# When does BMOQ happen?



## detective (21 Oct 2011)

Since BMOQ is 15 weeks long, it obviously can't happen the summer after the end of high school.  Is there a smaller course they give you? Is it a different course depending on if you go to RMC or a civilian university?


----------



## MJP (21 Oct 2011)

IF you are RMC or civvy U it generally happens in the summer between your 1st and 2nd year.  Both do a orientation camp of sorts as an intro to the military in the first summer.  The RMC one is longer than the civvy U folks.  Because of that and other training they do throughout the year,  RMC folks do a shorter BMOQ (11 vice 15 weeks IIRC).


----------



## George Wallace (21 Oct 2011)

With some "detective" work you will find quite a few topics on BMOQ which will answer these questions.  The real question is: If you are looking into NCM-SEP for Naval Electronics Technician(Communications), then why are you worried about BMOQ?


----------



## detective (21 Oct 2011)

I have recently changed what I want to do.  I am looking at applying for Communications & Electronics Engineering (Air) Officer through ROTP.


----------



## tabernac (26 Oct 2011)

MJP said:
			
		

> IF you are RMC or civvy U it generally happens in the summer between your 1st and 2nd year.  *Both do a orientation camp of sorts as an intro to the military in the first summer.*  The RMC one is longer than the civvy U folks.  Because of that and other training they do throughout the year,  *RMC folks do a shorter BMOQ (11 vice 15 weeks IIRC)*.



Bang on - on both points. RMC N/OCdts get the shorter course due in part to some of the mil training provided at RMC. (FYOP - the 5 week RMC indoc period - counts for most of that.)


----------



## dreams to fly (26 Oct 2011)

I have finished my MOD 1-5 of PLQ how much of the officer training can i skip?


----------



## tabernac (26 Oct 2011)

dreams to fly said:
			
		

> I have finished my MOD 1-5 of PLQ how much of the officer training can i skip?



You'd have to go through PLAR/ CFRG Borden. From what I've seen, some former PRes ROTP applicants got an indoc bypass (along with all of the UTPNCMs), and did BMOQ from week 8 onwards. Other former PRes ROTP applicants got no bypass at all. The only way out of BMOQ and BMOQ-L (CAP) that I know of is to have been deployed as a combat arms Sgt leading a section. There's a few UTPNCMs at RMC who have had that experience. 

YMMV


----------



## MJP (26 Oct 2011)

dreams to fly said:
			
		

> I have finished my MOD 1-5 of PLQ how much of the officer training can i skip?

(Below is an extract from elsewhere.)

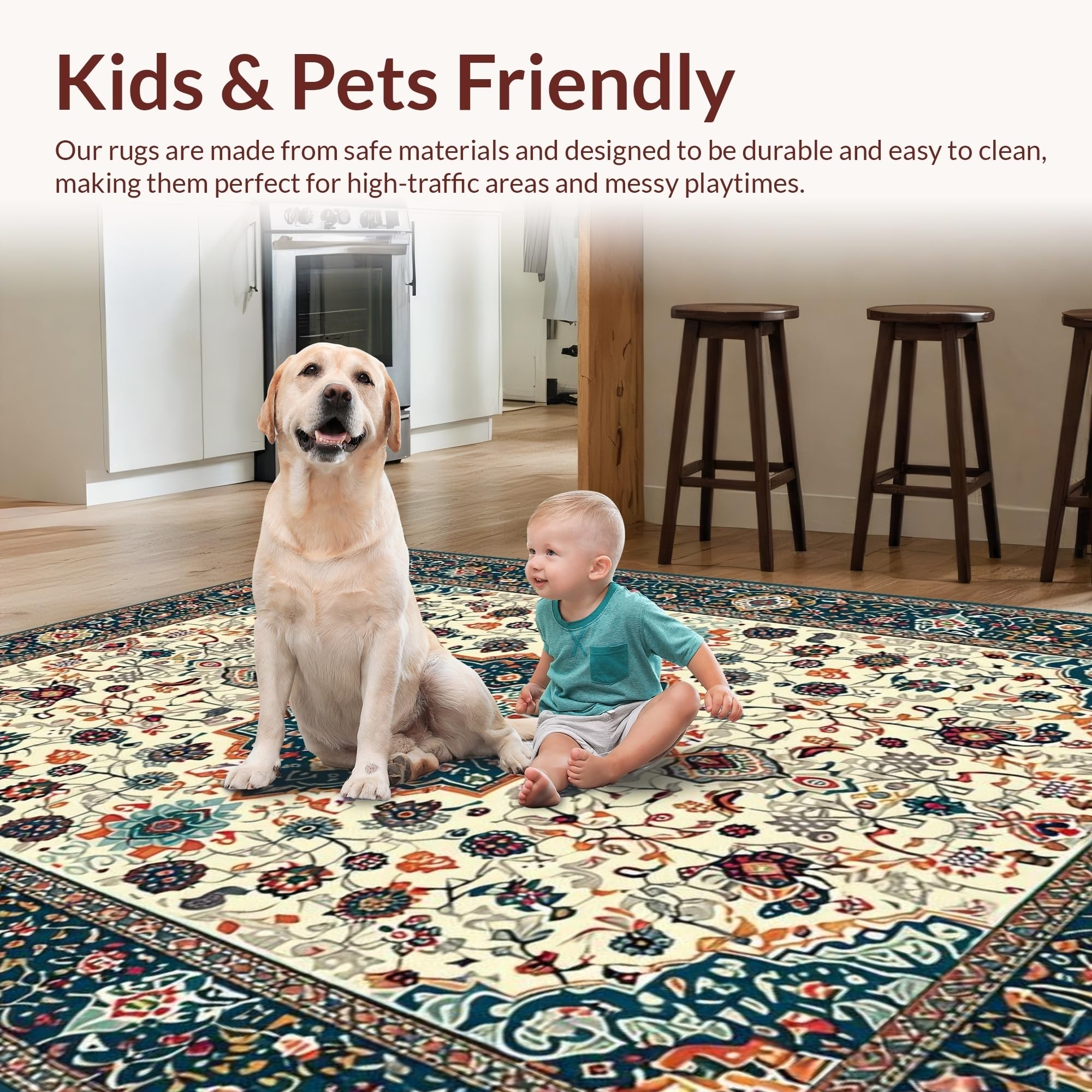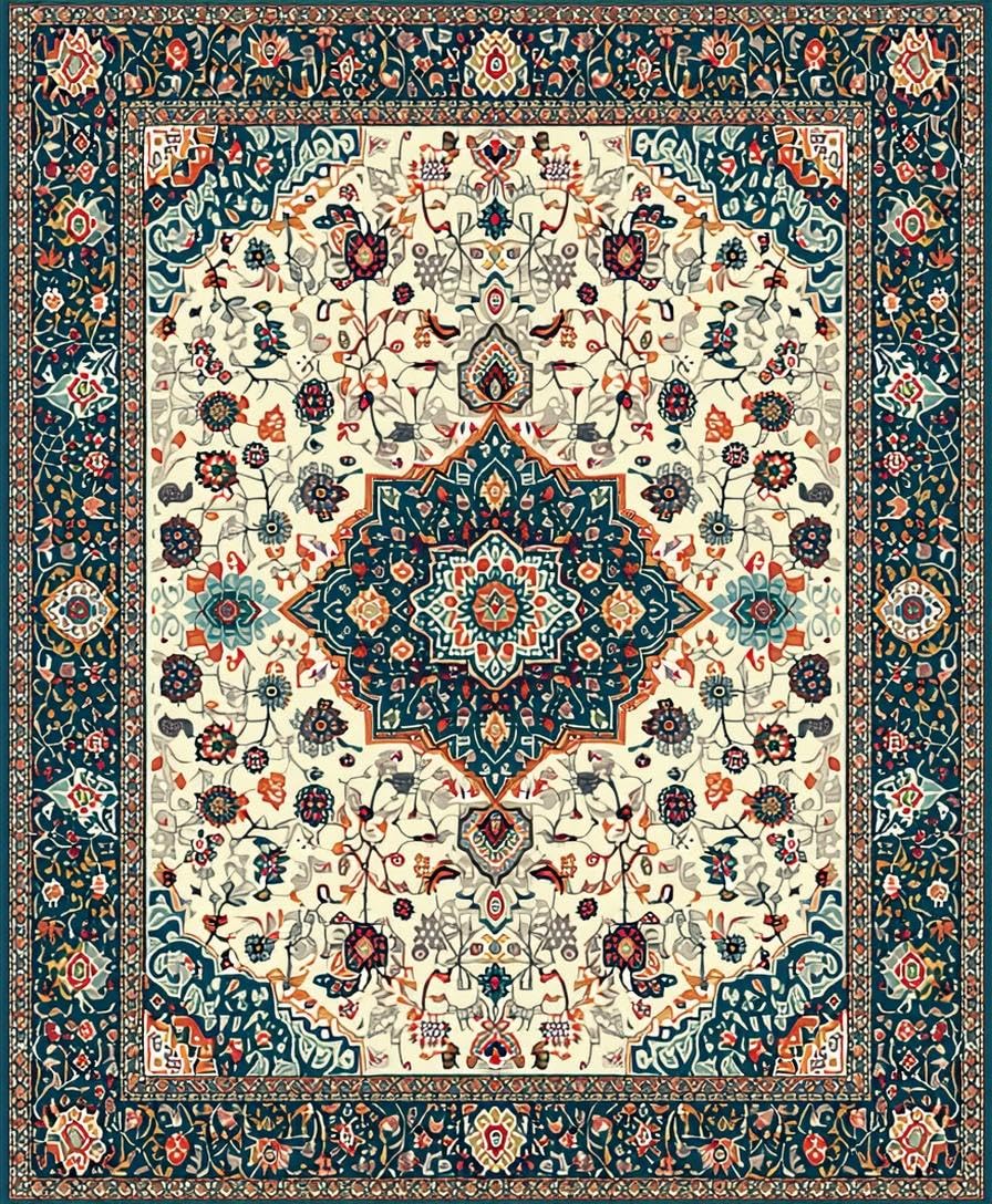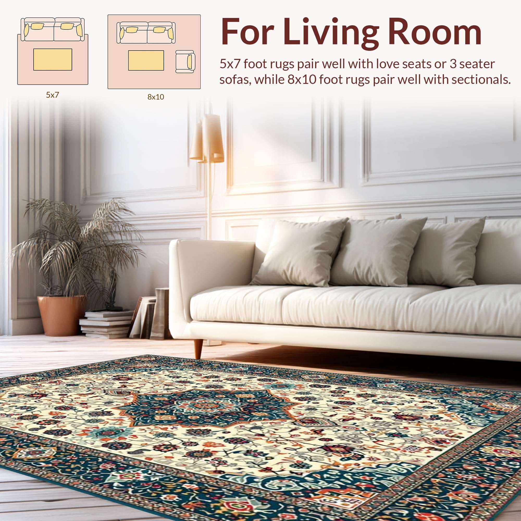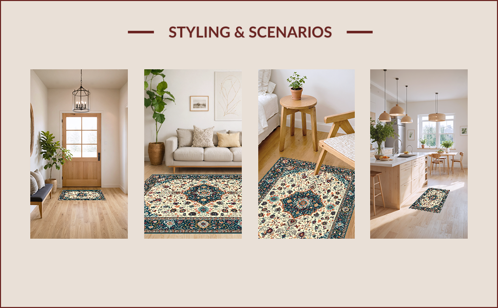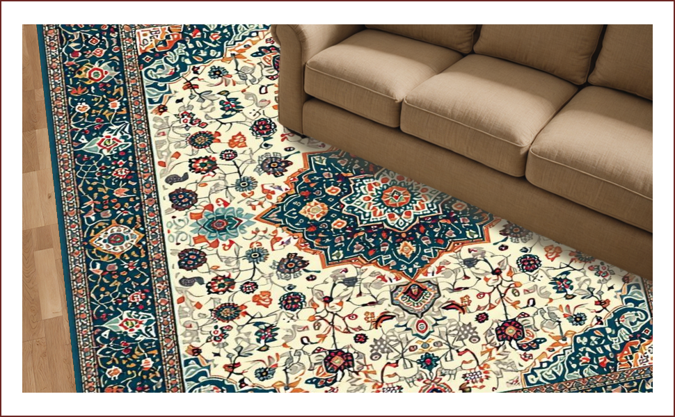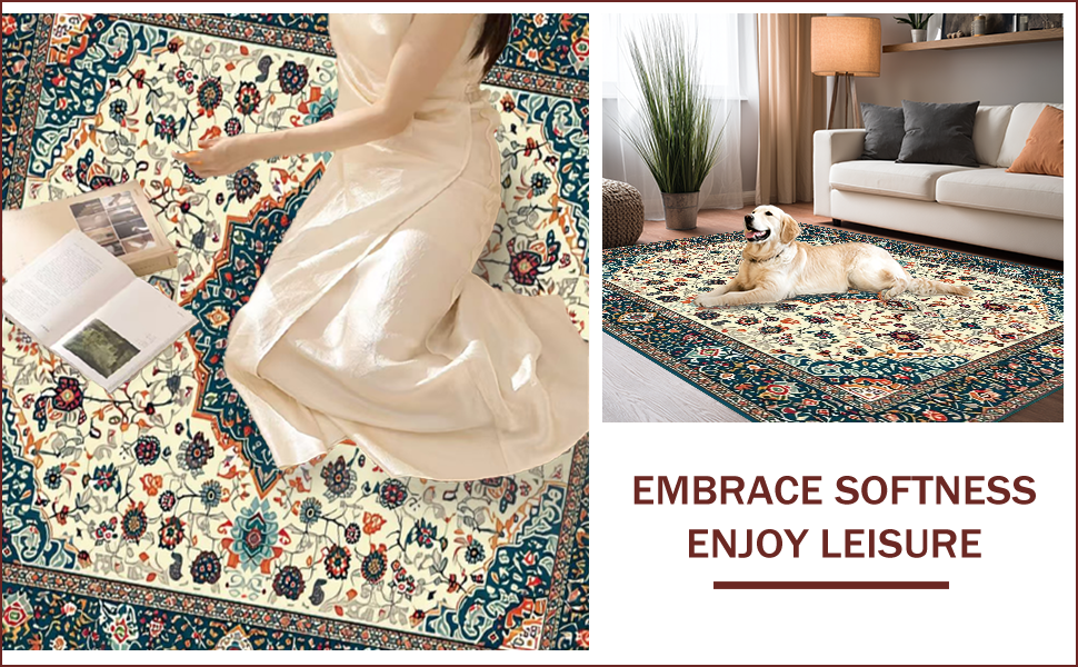 Ultra Soft Area Rug, Non Slip, Stain Resistant, Washable Area Rugs for Living Room, Bedroom, Soft Earthy Paisley Aesthetic(Ivory) Overview: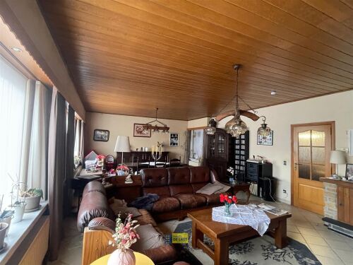 Gelijkvloerse woning met 3 slaapkamers en tuin Deze goed onderhouden woning uit 1978 is volledig gelijkvloers en biedt een comfortabele, praktische indeling. Je komt binnen in een ruime inkomhal met apart gastentoilet. De lichtrijke leefruimte staat in verbinding met de eetkamer en de keuken, die uitgerust is met voldoende opbergruimte. Aansluitend aan de keuken bevinden zich een kelder en een berging/wasplaats extra handig in het dagelijks gebruik. De woning is voorzien van verwarming op aardgas. Er zijn drie volwaardige slaapkamers en een badkamer met ligbad, douche en dubbele lavabo. Achteraan de woning vind je een aangename veranda die uitkijkt op de tuin een rustige plek om te genieten in elk seizoen. Troeven: ·Alles op het gelijkvloers ·3 ruime slaapkamers ·Lichtrijke leefruimte ·Praktische berging en kelder ·Veranda met zicht op de tuin ·Verwarming op aardgas Op zoek naar een comfortabele woning zonder trappen? Neem vandaag nog contact op voor een bezichtiging!

There is a equivalency sheet out there for the various courses.  I don't remember where I found it but it exists.  IIRC Mods 1-5 in themselves don't help you much.  You join a BMOQ course in the 8th week like Cheeky said.  



			
				cheeky_monkey said:
			
		

> The only way out of BMOQ and BMOQ-L (CAP) that I know of is to have been deployed as a combat arms Sgt leading a section. There's a few UTPNCMs at RMC who have had that experience.
> 
> YMMV



I wasn't a Sgt that deployed (although I did twice as a MCpl) and I got my bypass for CAP.  That one is a PLAR memo through Kingston and they will assess your experience and courses to make a determination.


----------



## dreams to fly (31 Oct 2011)

thank-you both for your help


----------